**SOURCE DATA:**
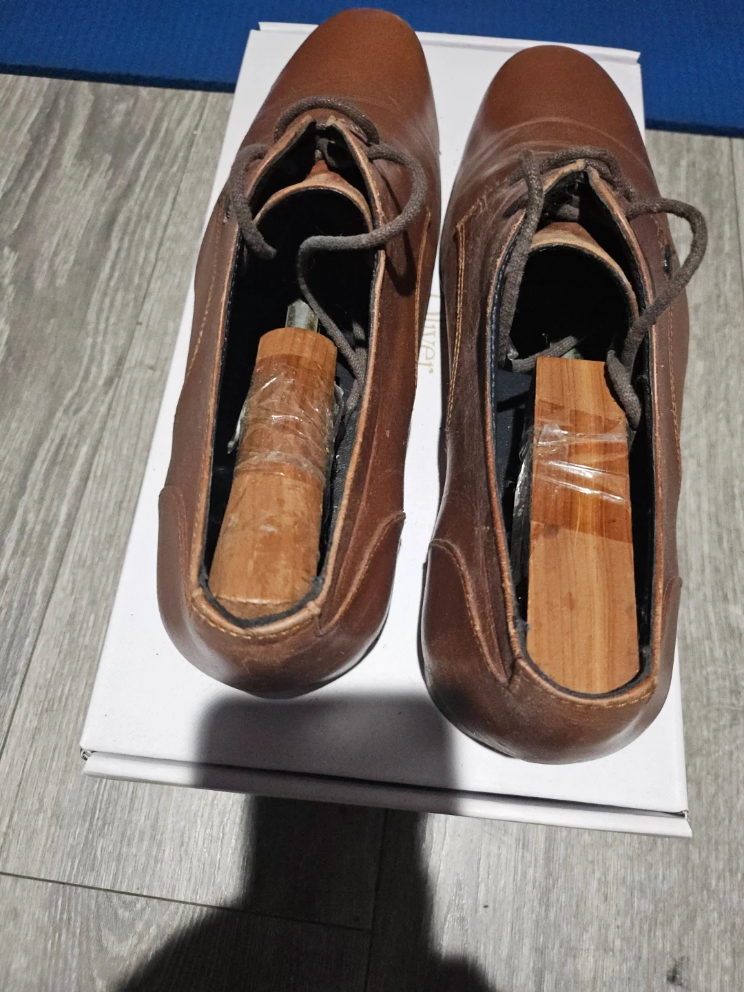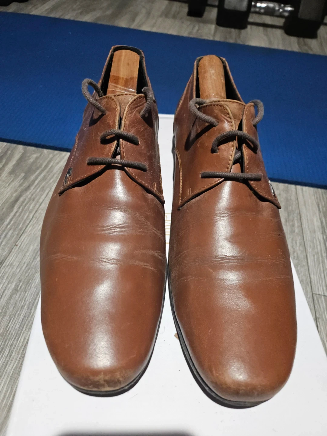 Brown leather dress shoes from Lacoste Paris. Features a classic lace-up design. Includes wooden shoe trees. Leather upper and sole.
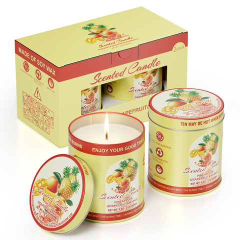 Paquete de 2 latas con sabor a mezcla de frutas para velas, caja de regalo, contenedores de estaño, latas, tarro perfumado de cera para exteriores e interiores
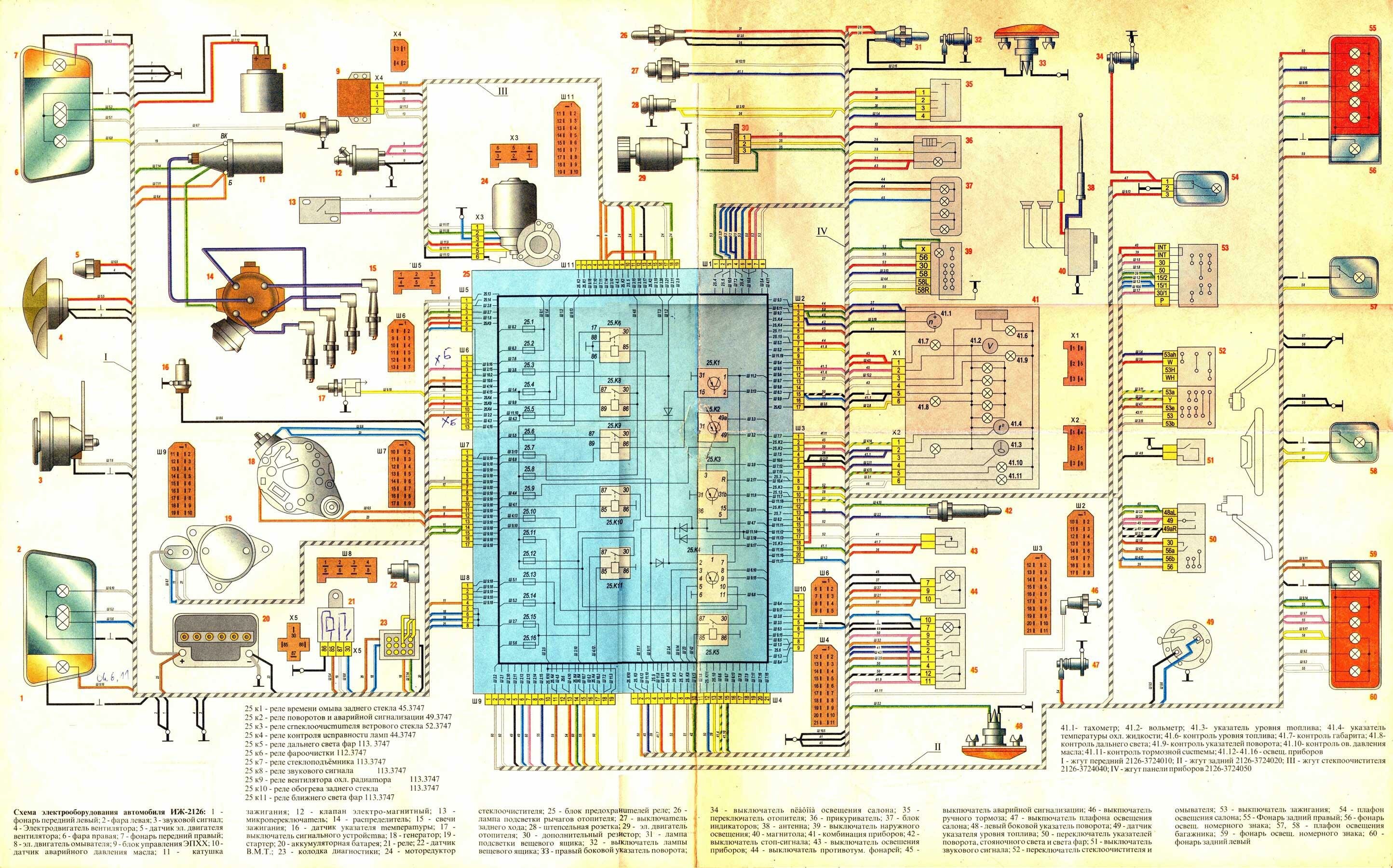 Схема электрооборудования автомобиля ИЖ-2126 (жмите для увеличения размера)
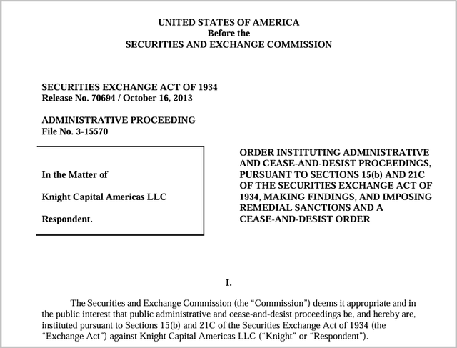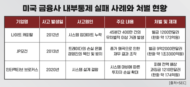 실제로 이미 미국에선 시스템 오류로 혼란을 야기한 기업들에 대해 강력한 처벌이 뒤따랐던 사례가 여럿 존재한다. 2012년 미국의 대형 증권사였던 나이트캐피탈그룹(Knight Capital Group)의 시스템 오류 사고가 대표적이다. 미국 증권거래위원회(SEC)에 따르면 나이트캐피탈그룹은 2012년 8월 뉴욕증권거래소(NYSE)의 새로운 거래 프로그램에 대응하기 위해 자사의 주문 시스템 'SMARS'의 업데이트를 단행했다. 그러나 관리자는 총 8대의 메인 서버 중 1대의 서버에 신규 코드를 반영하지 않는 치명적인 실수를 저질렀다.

**WORK INSTRUCTIONS:** Your answer must be an exact copy of the lines from the one with "Схема электрооборудования автомобиля" through the final line of the data, both included, without any pictures.

**ANSWER TO THIS TASK:**
 Схема электрооборудования автомобиля ИЖ-2126 (жмите для увеличения размера)
 실제로 이미 미국에선 시스템 오류로 혼란을 야기한 기업들에 대해 강력한 처벌이 뒤따랐던 사례가 여럿 존재한다. 2012년 미국의 대형 증권사였던 나이트캐피탈그룹(Knight Capital Group)의 시스템 오류 사고가 대표적이다. 미국 증권거래위원회(SEC)에 따르면 나이트캐피탈그룹은 2012년 8월 뉴욕증권거래소(NYSE)의 새로운 거래 프로그램에 대응하기 위해 자사의 주문 시스템 'SMARS'의 업데이트를 단행했다. 그러나 관리자는 총 8대의 메인 서버 중 1대의 서버에 신규 코드를 반영하지 않는 치명적인 실수를 저질렀다.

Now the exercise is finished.